▶ Activity: Restate the entries below exactly. Images are not part of the copy.

Task material: Begin

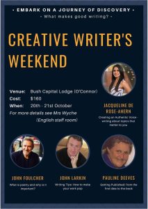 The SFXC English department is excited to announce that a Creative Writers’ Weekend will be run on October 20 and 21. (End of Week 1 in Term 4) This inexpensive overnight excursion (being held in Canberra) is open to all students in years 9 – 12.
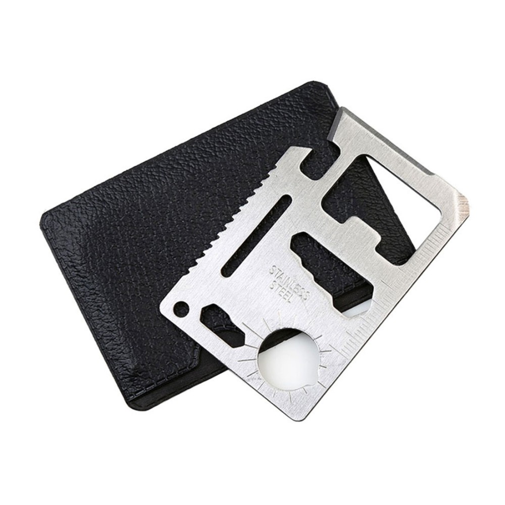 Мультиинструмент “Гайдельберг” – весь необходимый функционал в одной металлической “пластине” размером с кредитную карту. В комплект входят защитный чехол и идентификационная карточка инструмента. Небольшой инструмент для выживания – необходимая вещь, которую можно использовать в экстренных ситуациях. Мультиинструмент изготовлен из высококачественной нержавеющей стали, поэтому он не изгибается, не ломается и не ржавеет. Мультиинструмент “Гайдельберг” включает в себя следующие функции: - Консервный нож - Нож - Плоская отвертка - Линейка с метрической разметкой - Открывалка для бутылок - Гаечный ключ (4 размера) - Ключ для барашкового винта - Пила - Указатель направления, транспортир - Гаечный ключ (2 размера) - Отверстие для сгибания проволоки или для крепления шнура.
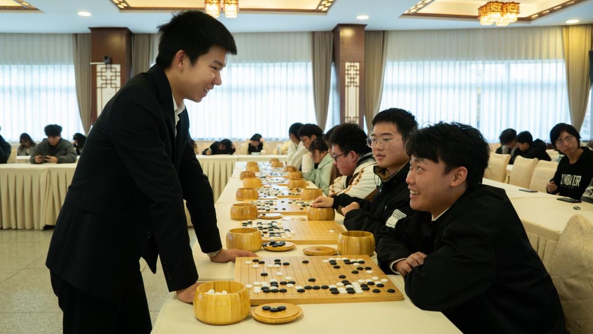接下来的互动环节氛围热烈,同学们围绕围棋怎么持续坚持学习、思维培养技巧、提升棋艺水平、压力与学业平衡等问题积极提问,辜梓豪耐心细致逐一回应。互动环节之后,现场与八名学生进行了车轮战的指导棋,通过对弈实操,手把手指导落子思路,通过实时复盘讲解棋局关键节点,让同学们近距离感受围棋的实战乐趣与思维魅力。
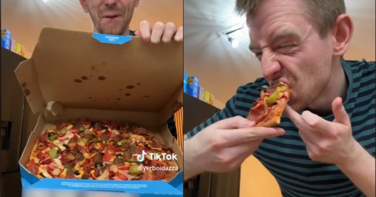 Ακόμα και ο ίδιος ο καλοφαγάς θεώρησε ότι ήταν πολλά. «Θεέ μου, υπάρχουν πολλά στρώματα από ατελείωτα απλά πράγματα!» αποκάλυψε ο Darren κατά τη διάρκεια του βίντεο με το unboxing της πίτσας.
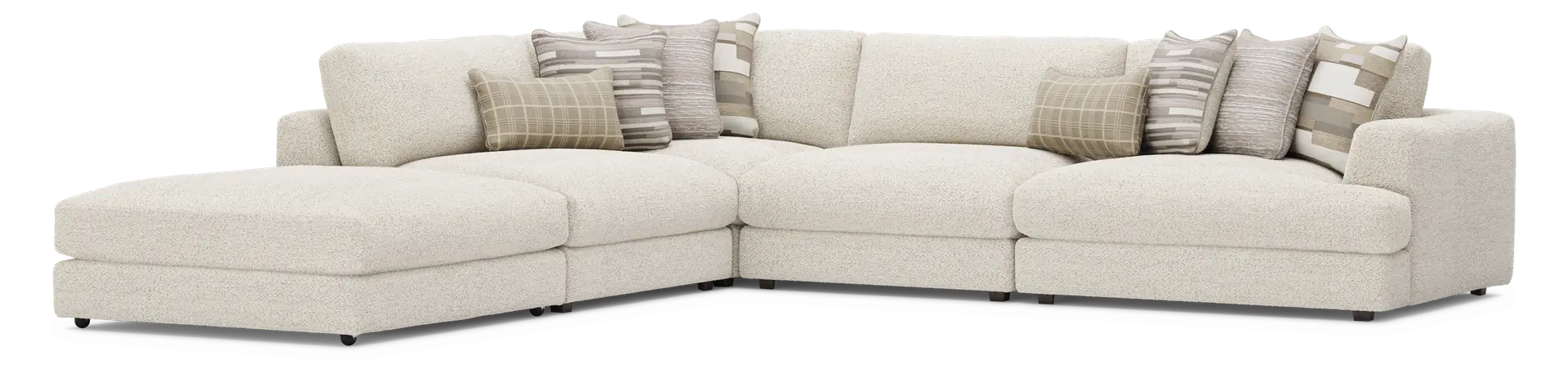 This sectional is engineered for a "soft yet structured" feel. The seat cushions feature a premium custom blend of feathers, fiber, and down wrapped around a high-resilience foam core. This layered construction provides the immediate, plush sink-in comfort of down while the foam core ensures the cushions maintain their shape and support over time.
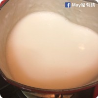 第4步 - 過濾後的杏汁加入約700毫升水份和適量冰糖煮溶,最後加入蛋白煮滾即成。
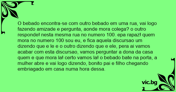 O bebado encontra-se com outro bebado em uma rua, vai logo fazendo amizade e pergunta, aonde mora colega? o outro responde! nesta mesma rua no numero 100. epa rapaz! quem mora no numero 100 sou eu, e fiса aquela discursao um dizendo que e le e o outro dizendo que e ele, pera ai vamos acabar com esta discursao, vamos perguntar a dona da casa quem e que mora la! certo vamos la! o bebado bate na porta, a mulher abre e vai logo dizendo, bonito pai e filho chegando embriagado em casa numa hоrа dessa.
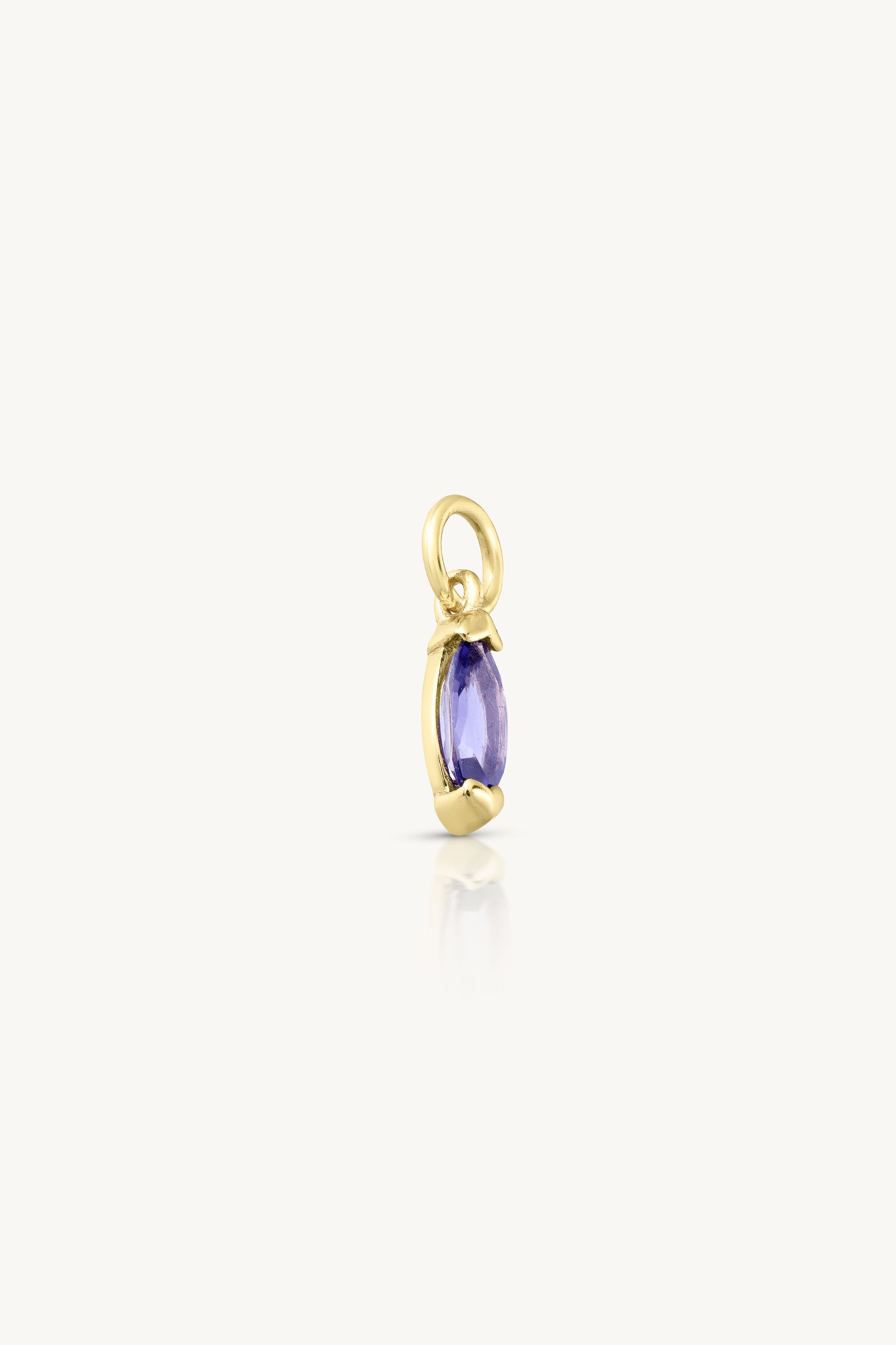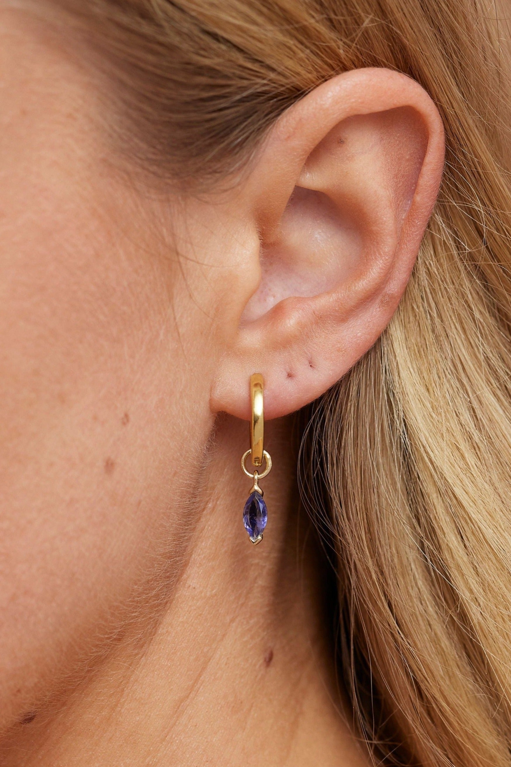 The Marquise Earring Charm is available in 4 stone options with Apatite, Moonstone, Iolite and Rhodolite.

Task material: End

▶ Answer to the exercise:
 The SFXC English department is excited to announce that a Creative Writers’ Weekend will be run on October 20 and 21. (End of Week 1 in Term 4) This inexpensive overnight excursion (being held in Canberra) is open to all students in years 9 – 12.
 Мультиинструмент “Гайдельберг” – весь необходимый функционал в одной металлической “пластине” размером с кредитную карту. В комплект входят защитный чехол и идентификационная карточка инструмента. Небольшой инструмент для выживания – необходимая вещь, которую можно использовать в экстренных ситуациях. Мультиинструмент изготовлен из высококачественной нержавеющей стали, поэтому он не изгибается, не ломается и не ржавеет. Мультиинструмент “Гайдельберг” включает в себя следующие функции: - Консервный нож - Нож - Плоская отвертка - Линейка с метрической разметкой - Открывалка для бутылок - Гаечный ключ (4 размера) - Ключ для барашкового винта - Пила - Указатель направления, транспортир - Гаечный ключ (2 размера) - Отверстие для сгибания проволоки или для крепления шнура.
接下来的互动环节氛围热烈,同学们围绕围棋怎么持续坚持学习、思维培养技巧、提升棋艺水平、压力与学业平衡等问题积极提问,辜梓豪耐心细致逐一回应。互动环节之后,现场与八名学生进行了车轮战的指导棋,通过对弈实操,手把手指导落子思路,通过实时复盘讲解棋局关键节点,让同学们近距离感受围棋的实战乐趣与思维魅力。
 Ακόμα και ο ίδιος ο καλοφαγάς θεώρησε ότι ήταν πολλά. «Θεέ μου, υπάρχουν πολλά στρώματα από ατελείωτα απλά πράγματα!» αποκάλυψε ο Darren κατά τη διάρκεια του βίντεο με το unboxing της πίτσας.
 This sectional is engineered for a "soft yet structured" feel. The seat cushions feature a premium custom blend of feathers, fiber, and down wrapped around a high-resilience foam core. This layered construction provides the immediate, plush sink-in comfort of down while the foam core ensures the cushions maintain their shape and support over time.
 第4步 - 過濾後的杏汁加入約700毫升水份和適量冰糖煮溶,最後加入蛋白煮滾即成。
 O bebado encontra-se com outro bebado em uma rua, vai logo fazendo amizade e pergunta, aonde mora colega? o outro responde! nesta mesma rua no numero 100. epa rapaz! quem mora no numero 100 sou eu, e fiса aquela discursao um dizendo que e le e o outro dizendo que e ele, pera ai vamos acabar com esta discursao, vamos perguntar a dona da casa quem e que mora la! certo vamos la! o bebado bate na porta, a mulher abre e vai logo dizendo, bonito pai e filho chegando embriagado em casa numa hоrа dessa.
 The Marquise Earring Charm is available in 4 stone options with Apatite, Moonstone, Iolite and Rhodolite.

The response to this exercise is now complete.